McGowan v. Larsen

McKENNA, Circuit Judge,

after making the above statement, delivered the following' opinion:

The rulings of the court in excluding testimony were correct. No inference of sufficient degree of probability could be drawn from it under the issues to make it admissible.

To sustain their exception to the ruling of the court for giving the instruction contained in the fourth assignment of error* and above quoted, plaintiffs in error contend that under the laws of Oregon they were entitled to plead inconsistent defenses, and, citing Pom. Rem. & Rem. Rights, § 722, that they could not be compelled to elect between such defenses, nor could evidence in favor of either have been excluded at the trial on account of inconsistency. “If this be true,” counsel say, “it is obvious that: the interests of the plaintiffs in error were seriously affected by the remarks of the court: in criticism of these defenses. If they were entitled to their defenses, they were entitled to them without their being weighted down by *914these strictures,” meaning the comments of the instruction. But this does not follow. The defenses they might be able to malee (we assume it without deciding it), and evidence in support of them might be admissible; but after it is admitted it must receive consideration, and its character either absolutely or in relation to other evidence must be determined, that a judgment may be formed. Inconsistent defenses — that is, when the truth of one negatives the truth of the other — cannot both be found true; and in reaching a judgment of the truth of either the court may assist the jury, if it. make no comment which the evidence will not bear, and assume no function which it is the jury’s right to exercise. The record does not contain the evidence, and we must assume that the defenses were made as stated by the court. It is manifest that only one could be true. If there was no light out, one could not have burned' all night; and if one burned all night it could not have been extinguished' before morning by a freshet. The comment of the court, therefore, was correct, and it submitted to the jury the only proposition the jury had a right to find, to wit, the truth of one of the defenses.
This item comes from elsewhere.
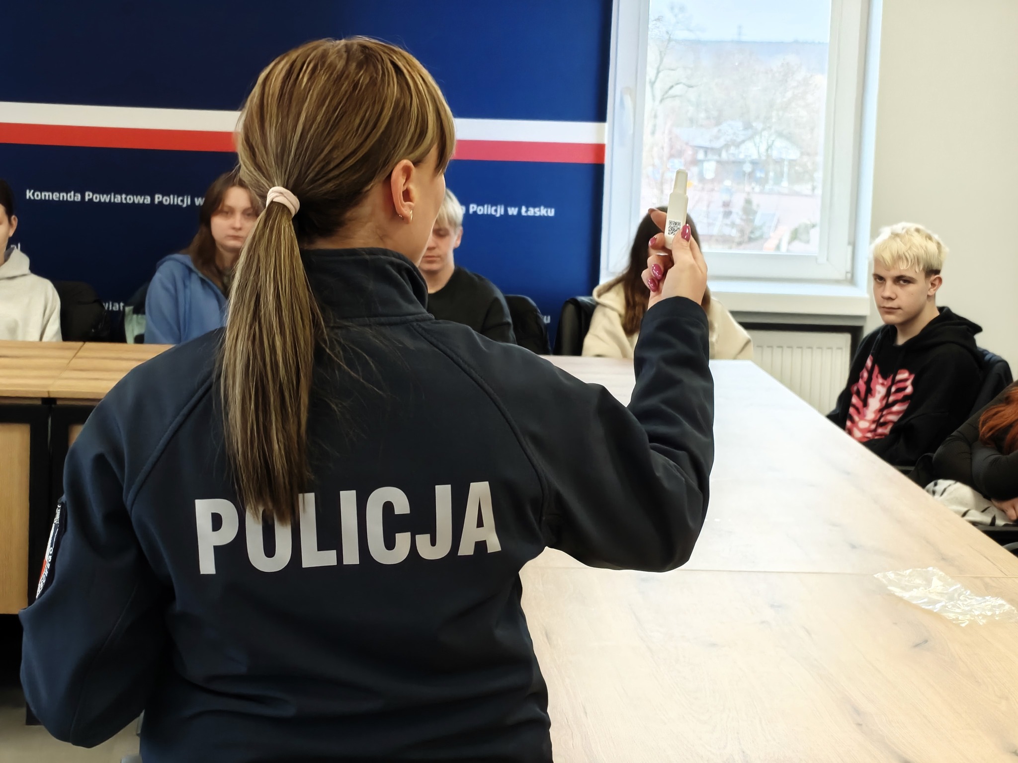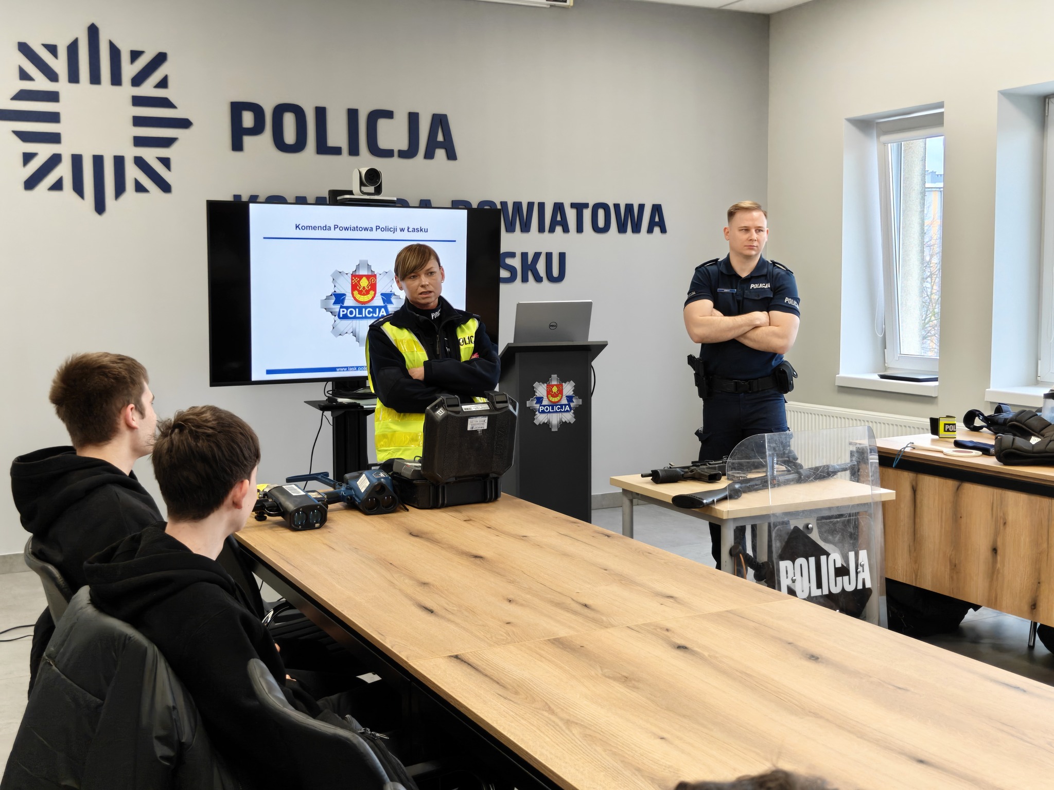 Pierwsza część spotkania odbyła się w auli jednostki. Oficer prasowy przybliżył specyfikę służby, omówił uprawnienia funkcjonariuszy oraz obowiązki obywateli. Wyjaśnił, czym jest legitymowanie, kontrola osobista, zatrzymanie i przeszukanie. Młodzież poznała także strukturę komendy oraz sprzęt wykorzystywany w codziennej służbie.

Counsel urge in their brief that by the use of the word “false" in the instruction the court “made á direct accusation of perjury; of willful false statement,” — and that the jury must have received the word in such sense, and not as an equivalent for “untrue.” This is inferred because in certain statutes imposing penalties or detriments the word is so construed. The inference we do not think is justified. Besides, the context refutes the contention of counsel.

We do not find any error in the instructions contained in the fifth and sixth assignments of error. The statute requires any person owning or operating a trap to “conspicuously show at night-time between sunset and sunrise a bright white light.” It must be displayed continuously. It must be put out at sunset and maintained until sunrise. The excuses for the nonobservance of this duty, in view of the facts and the degree of care required, were properly explained.

To the instruction contained in the eighth assignment of error, plaintiffs in error take in their brief a different exception to that taken -at the trial. They must be confined to the latter. The record states the exception as follows;

“To which instruction of the court the defendants, by their said counsel, duly excepted as to the court’s suggestion that the defendants removed the light next morning, probably soon after daylight; which exception the court allowed, the court saying: T said ho removed it the next morning. It does not appear when he removed it the next morning, but probably soon after daylight.’ ”

That is, the exception was to two suggestions of fact:' (1) The defendants removed the light next morning; (2) that this was done “probably soon after daylight,”- — and the improbability which the court mentioned was that between 5 minutes after 3 and “soon after daylight” the light “should have gone out,” hence it must have gone out before 5 minutes after 3, and that the captain of the La Comas was untruthful or mistaken as to the fact or time. This *915reasoning counsel for plaintiffs in error does not seem to think is very strong, but it is only necessary to say that it was submitted to the jury for what it was worth; the learned judge saying: "However, my judgment is not to govern; the matter is for your determination, not mine.” We think the limits allowed to the court were not transcended, more particularly when considered in connection with the rest of the instructions given. There being no error in the record, the judgment is affirmed.